SOLO (Panjimas.com) – Anak bungsu Akidi Tio Heriyanti pelaku donasi abal-abal senilai 2 triliun rupiah akhirnya dilakukan tes kejiwaan oleh psikolog Polda Sumatera Selatan (Sumsel). Hal itu disampaikan oleh Kabid Humas Polda Sumsel, Kombes Pol Supriadi dalam tayangan video di kanal Youtube Kompas TV, Jum’at (6/8/2021).
Meski demikian, dirinya meminta semua pihak untuk bersabar menunggu karena tes psikologis tidak bisa langsung keluar.
“Yang kedua kita juga meminta bantuan kepada psikolog yang ada di Jakarta, terkait tambahan-tambahan, khususnya terkait psikologis,” kata Supriyadi.
Setelah dilakukan tes kejiwaan, kemudian akan dilakukan pemeriksaan selanjutnya kepada Heriyanti terkait kasus sumbangan Rp 2 triliun yang sempat menggemparkan jagad maya dan masyarakat Indonesia tersebut.

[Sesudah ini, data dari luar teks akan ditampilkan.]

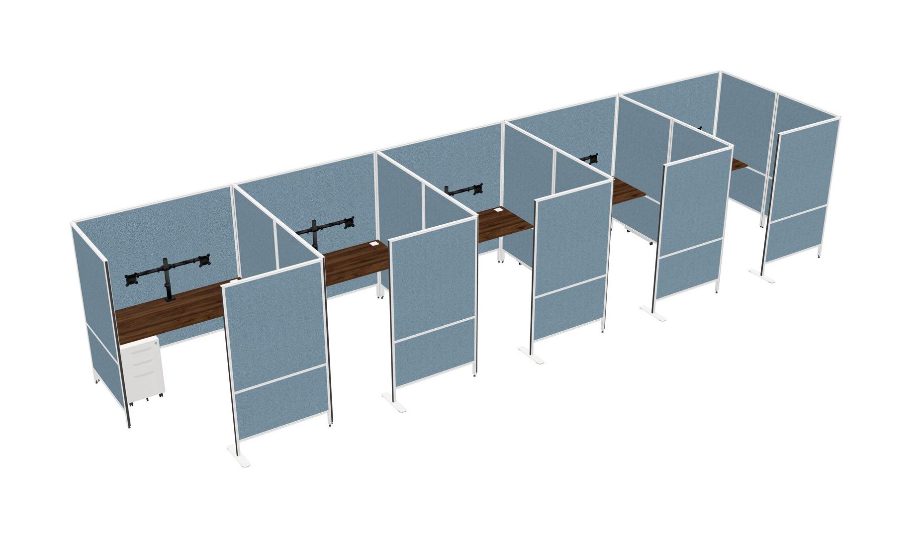 Columbia Walnut Flexible Panel System With Privacy For 5 + Metal Mobile Drawers + Monitor Arm (double Arms)

Mengenai pemeriksaan atau tes kejiwaan tersebut, pakar hukum yang menjadi Presiden Asosiasi Ahli Pidana Indonesia (AAPI), Dr. Muhammad Taufiq, S.H., M.H berkomentar bahwa menurutnya hal itu tidak fair dibandingkan dengan kasus-kasus yang telah sering terjadi yang berujung pidana.
“Menurut saya itu tidak fair. Oleh karena itu bagi anda siapapun juris yang sedang terkena kasus kliennya. Tolong ini dijadikan bukti baru apa itu sebagai novum bahwa siapapun yang menyebar hoax tidak perlu dipidana,” katanya kepada Panjimas.com, Selasa (10/8/2021).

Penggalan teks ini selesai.